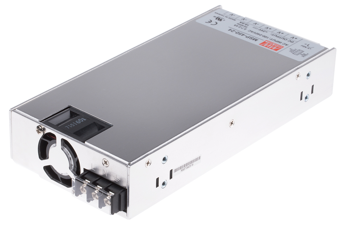 This is 451W Embedded Switch Mode Power Supply SMPS 18.8A 24V dc Medical Approved manufactured by Mean Well. The manufacturer part number is MSP-450-24. Additionally, the product is supplied with 1 outputs. The product has +70°c maximum temperature. The product is available in rack mount configuration. The typical product's weight is 1.2kg. While its minimum temperature is -40°c. Its accurate length is 218mm. Furthermore, the product is 105mm wide. The product comes in 41mm depth. Its input voltage is 120 → 370 v dc, 85 → 264 v ac. The package is a sort of enclosed. Medical Approval - yes. Features a 24v dc output voltage. Feature 451w of power rating. It carries 18.8a output current.
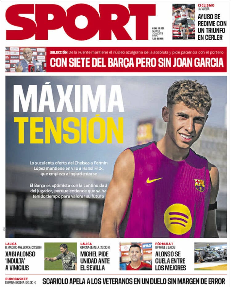 En los medios catalanes, Fermín es el centro de todo. El Chelsea ha perdido a Xavi Simons y tiene la opción del centrocampista español como la favorita para este final del mercado. Hay pequeñas menciones a las victorias de Alcaraz y Ayuso, a la convocatoria de la Selección Española y al Eurobasket con el partido de España ante Bosnia.
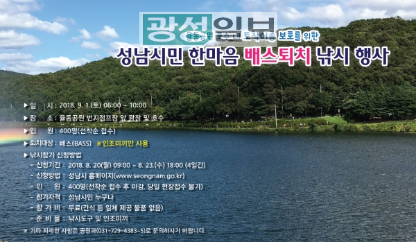 성남시는 오는 9월 1일 분당구 율동공원 호수에서 ‘성남시민 한마음 배스퇴치 낚시 행사’를 연다.
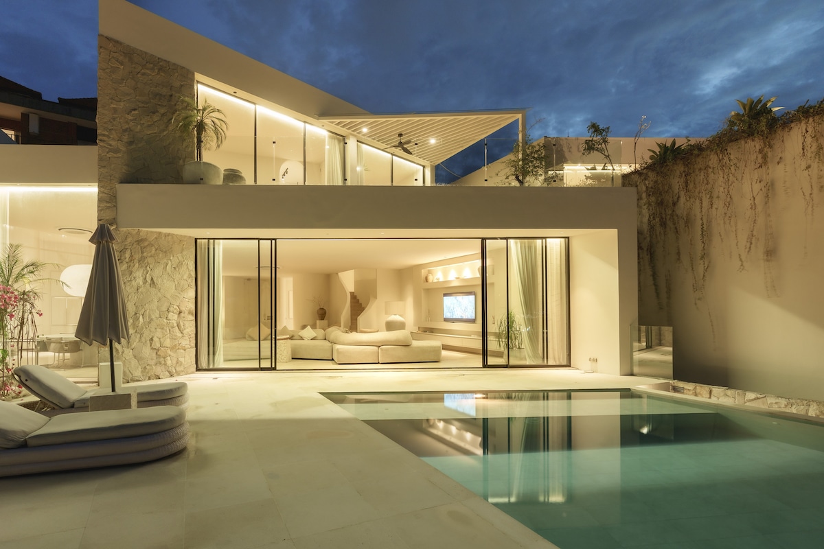 Helt ny designervilla i en fridfull Badung-enklav • 2 eleganta luftkonditionerade sovrum med tropisk trädgårdsutsikt • Badrum med moderna bekvämligheter • Stor privat pool omgiven av frodig grönska — perfekt för grillning • Öppet vardagsrum och fullt utrustat kök • 300 Mbit/s höghastighets-Wi-Fi – perfekt för distansarbete • Netflix, PS5 på begäran • Dagligen rengöring med rena handdukar och sängkläder • Barnsäng och barnstol på begäran • Concierge-service för flygplatstransfer, skoteruthyrning med mera
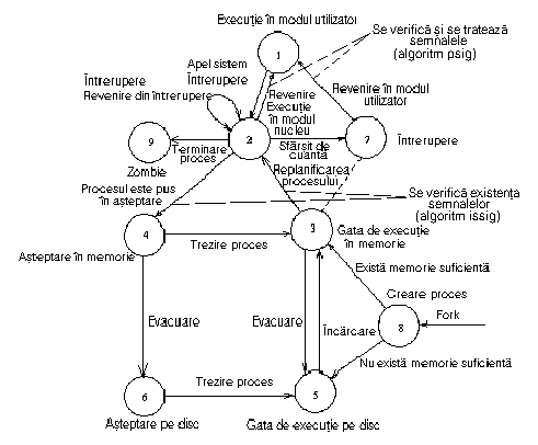 algoritmul psig /* tratarea semnalelor dupa recunoasterea existentei lor*/ intrari: niciuna iesiri: niciuna if (semnalul este de tipul celor pentru care sistemul trebuie sa creeze o imagine a procesului pentru depanare) apeleaza imediat algoritmul exit; } |
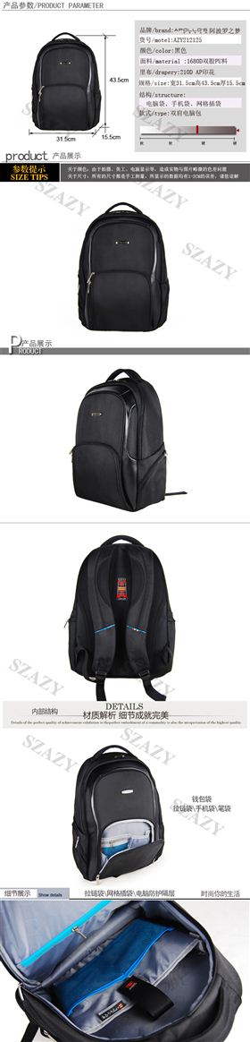电脑双肩背包,采用提花尼龙料结实耐磨。款式简约,功能丰富。前幅拉链袋可放置杂志文件等,主拉链袋采用双层拉链,外层拉链即为伸缩围拉链,也可作为防护拉链层,打开后可增加袋内空间。内拉链袋内设有加厚PE棉电脑袋,可透视网袋及手机位,笔插位和证件袋。背幅采用加厚PE棉和三文治网料,舒适透气,减少背部的摩擦!
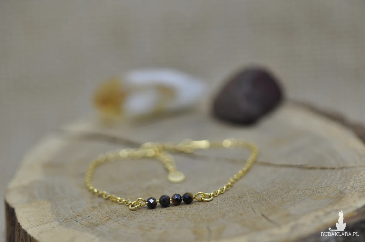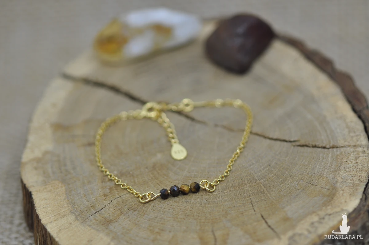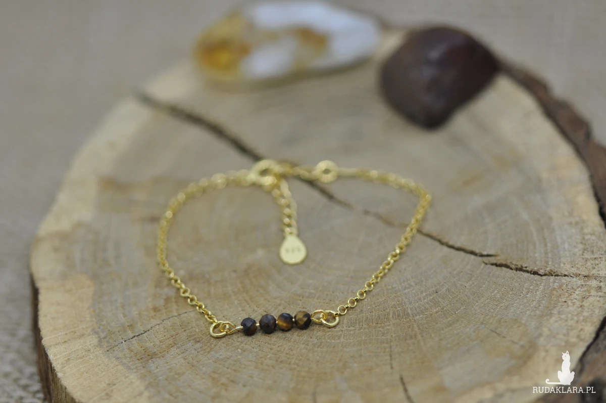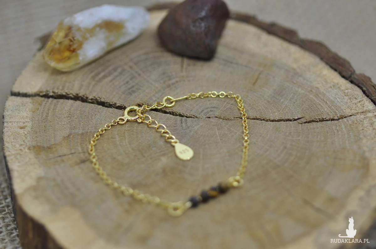 Delikatna bransoletka łańcuszkowa ze srebra próby 925 pokrytego 24 karatowym złotem z kamieniem naturalnym - Tygrysim Okiem💎

- Task to complete -
Give the records again exactly, minus the pictures.

- Response area -
 This is 451W Embedded Switch Mode Power Supply SMPS 18.8A 24V dc Medical Approved manufactured by Mean Well. The manufacturer part number is MSP-450-24. Additionally, the product is supplied with 1 outputs. The product has +70°c maximum temperature. The product is available in rack mount configuration. The typical product's weight is 1.2kg. While its minimum temperature is -40°c. Its accurate length is 218mm. Furthermore, the product is 105mm wide. The product comes in 41mm depth. Its input voltage is 120 → 370 v dc, 85 → 264 v ac. The package is a sort of enclosed. Medical Approval - yes. Features a 24v dc output voltage. Feature 451w of power rating. It carries 18.8a output current.
 En los medios catalanes, Fermín es el centro de todo. El Chelsea ha perdido a Xavi Simons y tiene la opción del centrocampista español como la favorita para este final del mercado. Hay pequeñas menciones a las victorias de Alcaraz y Ayuso, a la convocatoria de la Selección Española y al Eurobasket con el partido de España ante Bosnia.
 성남시는 오는 9월 1일 분당구 율동공원 호수에서 ‘성남시민 한마음 배스퇴치 낚시 행사’를 연다.
 Helt ny designervilla i en fridfull Badung-enklav • 2 eleganta luftkonditionerade sovrum med tropisk trädgårdsutsikt • Badrum med moderna bekvämligheter • Stor privat pool omgiven av frodig grönska — perfekt för grillning • Öppet vardagsrum och fullt utrustat kök • 300 Mbit/s höghastighets-Wi-Fi – perfekt för distansarbete • Netflix, PS5 på begäran • Dagligen rengöring med rena handdukar och sängkläder • Barnsäng och barnstol på begäran • Concierge-service för flygplatstransfer, skoteruthyrning med mera
 algoritmul psig /* tratarea semnalelor dupa recunoasterea existentei lor*/ intrari: niciuna iesiri: niciuna if (semnalul este de tipul celor pentru care sistemul trebuie sa creeze o imagine a procesului pentru depanare) apeleaza imediat algoritmul exit; } |
电脑双肩背包,采用提花尼龙料结实耐磨。款式简约,功能丰富。前幅拉链袋可放置杂志文件等,主拉链袋采用双层拉链,外层拉链即为伸缩围拉链,也可作为防护拉链层,打开后可增加袋内空间。内拉链袋内设有加厚PE棉电脑袋,可透视网袋及手机位,笔插位和证件袋。背幅采用加厚PE棉和三文治网料,舒适透气,减少背部的摩擦!
 Delikatna bransoletka łańcuszkowa ze srebra próby 925 pokrytego 24 karatowym złotem z kamieniem naturalnym - Tygrysim Okiem💎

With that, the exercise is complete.